Wassila. B
Dans un paysage géopolitique occidental souvent marqué par la paralysie diplomatique et la politique complice, l’Espagne fait figure d’exception courageuse et nécessaire. Sous la direction déterminée de Pedro Sanchez, le gouvernement espagnol dépasse la simple dénonciation verbale du génocide en cours à Ghaza pour engager des actions concrètes et symboliquement fortes. L’annulation récente d’un contrat d’armement de près de 700 millions d’euros portant sur des lances-roquettes de conception sioniste, suivie de l’annonce d’un boycott potentiel de l’Eurovision 2026 en cas de participation d’Israël, envoie un message sans équivoque : le refus catégorique de la normalisation des crimes de guerre et de la barbarie. Cette position politique audacieuse et cohérente n’ émane pas uniquement des plus hautes sphères de l’État. Elle puise sa légitimité et sa force dans une mobilisation citoyenne profonde, vibrante et déterminée, comme en a témoigné de manière spectaculaire l’annulation de la dernière étape de la Vuelta, dimanche 14 septembre. Ils étaient plus de 100 000 manifestants, selon les estimations gouvernementales, à bloquer l’accès à Madrid et l’itinéraire prévu pour la finale de cette compétition cycliste parmi les plus prestigieuses au monde. Leurs slogans, « Ce n’est pas une guerre, c’est un génocide » et « Halte aux morts d’enfants innocents », ont résonné bien au-delà du circuit, portant une accusation morale d’une puissance rare. Leur victoire est double : symbolique, d’abord, en forçant l’équipe Israel-Premier Tech, propriété du milliardaire proche de Netanyahou Sylvan Adams, à retirer toute mention d’Israël de ses maillots dès le 5 septembre ; stratégique, ensuite, en empêchant physiquement la tenue même de l’étape madrilène et donc la participation normale de l’équipe controversée.
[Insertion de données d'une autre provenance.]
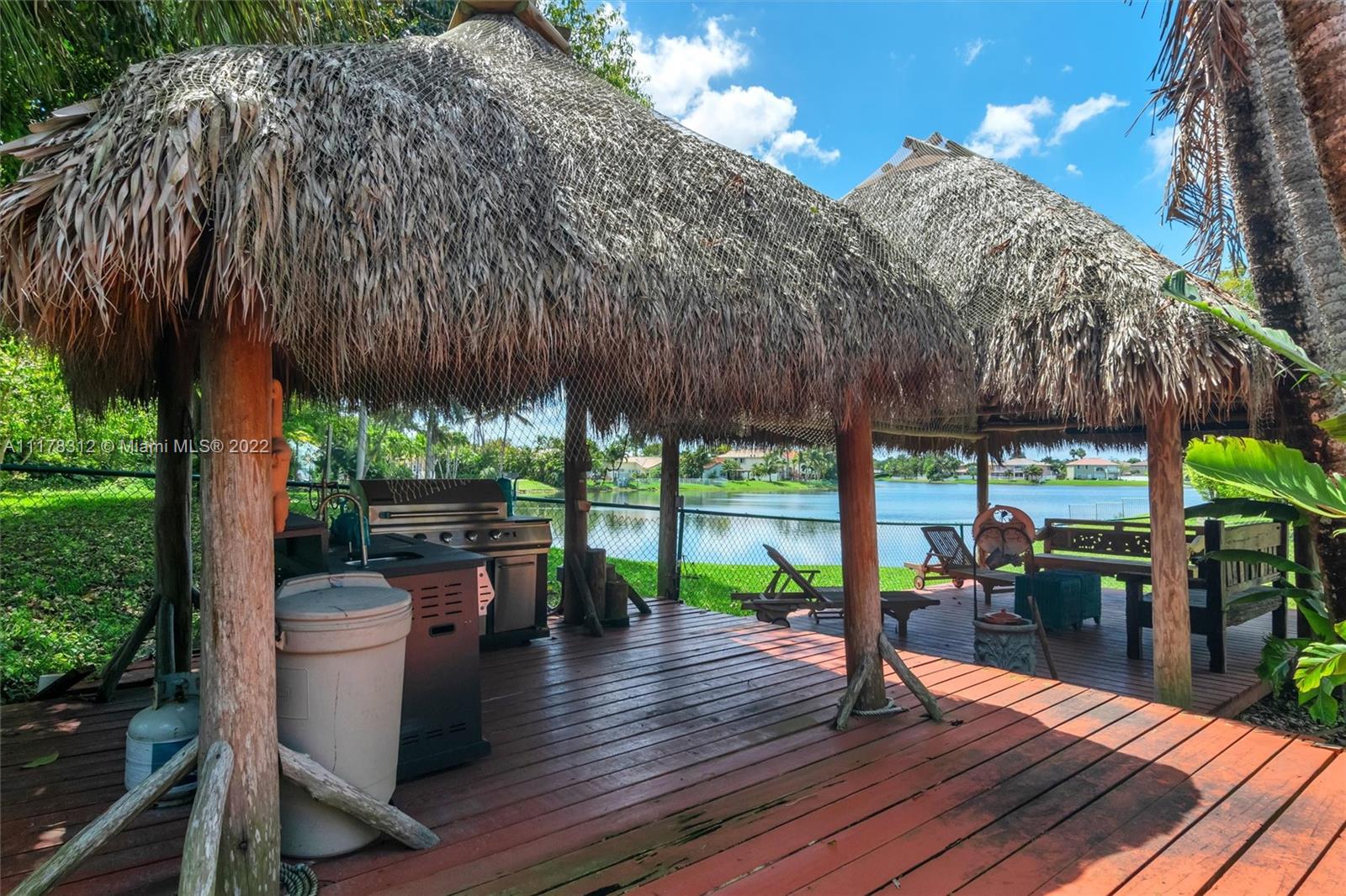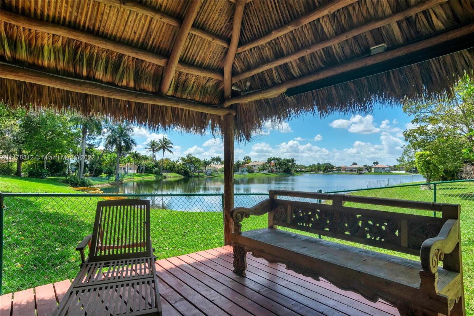 Location! your private OASIS, beautiful 1 story pool home in oversized lot .26 of an acre in a cul de sac in the great community of Pembroke Shores. Originally a 3 bedroom and two bath with Garage converted into 4th bedroom with central Ac and closet(easy to revert) Laundry room, storage room and dedicated space for office and work remotely. Nice open layout with high ceilings, open kitchen with lots of counter space, great natural light from a set of 3 sliding doors Great master bedroom size with 2 walking closets and built ins. Spa bathroom with an oversize standing shower, gorgeous free form pool with two massive decks and two big huts creating the most zen backyard, room for anything, amazing lake view and large driveway, well kept home, your own private resort, won't last Best schools

Ce mouvement de protestation, qui a essaimé depuis le début de la Vuelta le 23 août, du Pays Basque aux Asturies, transcende la simple contestation sportive. Il révèle une prise de conscience collective et viscérale face à l’horreur indicible qui se déroule à Ghaza depuis octobre 2023 – un bilan effroyable de près de 65 000 Palestiniens tués et plus de 165 000 blessés sous les bombes sionistes. Le peuple espagnol, soutenu par une partie de son gouvernement, refuse que le sang des victimes innocentes soit lavé par le spectacle apolitique du sport ou de la culture. La ministre du Travail, Landa Díaz, l’a affirmé avec une clarté salvatrice : la société espagnole ne tolère pas que le génocide soit blanchi ou normalisé dans des arènes internationales. L’Espagne, en reconnaissant officiellement et précocement l’État palestinien dès mai 2024 et en condamnant sans ambiguïté les exactions sionistes dès le début de l’agression, assume un leadership moral et politique que l’Europe dans son ensemble semble avoir abdiqué. Face à la frilosité, la lâcheté calculée et le laxisme complice de nombreuses capitales européennes, Madrid incarne une voix qui manquait cruellement sur la scène internationale : celle de la cohérence entre les principes humanitaires proclamés et l’action tangible, qu’elle soit diplomatique, économique ou culturelle.